From chocolate house to sweetshop shelf
The earliest sourced Bonds story is really a chocolate story, rather than a cough candy origin story. Bonds of Bristol was created to sell luxury chocolates made at Greenbank, within a Bristol confectionery scene that already had some serious chocolate credentials. Bristol was one of England’s important chocolate-making cities, with port links and cocoa trade helping support firms in the region. That does not mean this particular Cough Candy began there, and it would be too neat to pretend otherwise. What we can say is that the Bonds name comes from a long British confectionery line, and today it sits comfortably on bags of traditional sweets rather than only boxed chocolates.
The modern packet and the old-fashioned habit
Bonds of London as shoppers see it now is best understood as a familiar sweetshop brand with older roots behind it. The brand lineage passed through several larger confectionery businesses over the years, including Carsons and later Cavenham Foods, before becoming associated with the wider Elizabeth Shaw story.
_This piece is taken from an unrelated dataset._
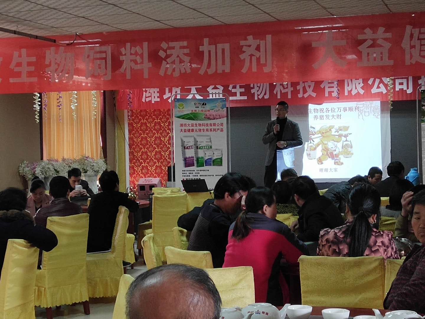此次座談會(huì)針對(duì)滄州地區(qū)的市場(chǎng)行情和養(yǎng)殖朋友的現(xiàn)實(shí)狀況,為大家全面解析了在市場(chǎng)動(dòng)蕩、行情低迷的情況下,如何利用現(xiàn)有的資源提高飼料的利用率、提升豬肉品質(zhì)、降低養(yǎng)殖成本,讓養(yǎng)殖朋友能更好的養(yǎng)豬。 首先上場(chǎng)演講的是研發(fā)部主任,主講微生態(tài)產(chǎn)品的原理和在養(yǎng)殖過程中對(duì)豬所能產(chǎn)生的各種作用功效,如何為養(yǎng)殖朋友們降低成本,提高收益。

That sort of ownership history can make a brand label look cleaner than the history underneath. Still, for the person buying the sweets, the important thing is simpler: a 120g bag of British cough candy, the kind that belongs in glove compartments, desk drawers and kitchen cupboards where people claim they are “just keeping them handy”.
Why cough candy feels so British
British sweets have always had a practical streak. Alongside humbugs, pear drops, aniseed balls and liquorice mixtures, cough candy belongs to the world of jars behind the counter and paper bags twisted shut by someone who could weigh a quarter by instinct. The flavour has that old-school boiled sweet confidence: not showy, not fashionable, not trying to pass as a pudding. It is the kind of sweet you remember from chemists, corner shops, coach trips and winter coat pockets, usually with a bit of fluff attached if it had been there long enough.
A small taste of the old cupboard
For British shoppers in Canada, Bonds of London Cough Candy is less about grand heritage and more about recognition. It looks and behaves like something from home, which is often the whole point. A bag like this can sit beside the tea, the biscuits and the emergency tin of beans, quietly doing its bit for homesickness without making a speech. If someone in the house says they only want one, you may wish to monitor the bag. The Great British Shop would consider that a familiar and entirely unsurprising development.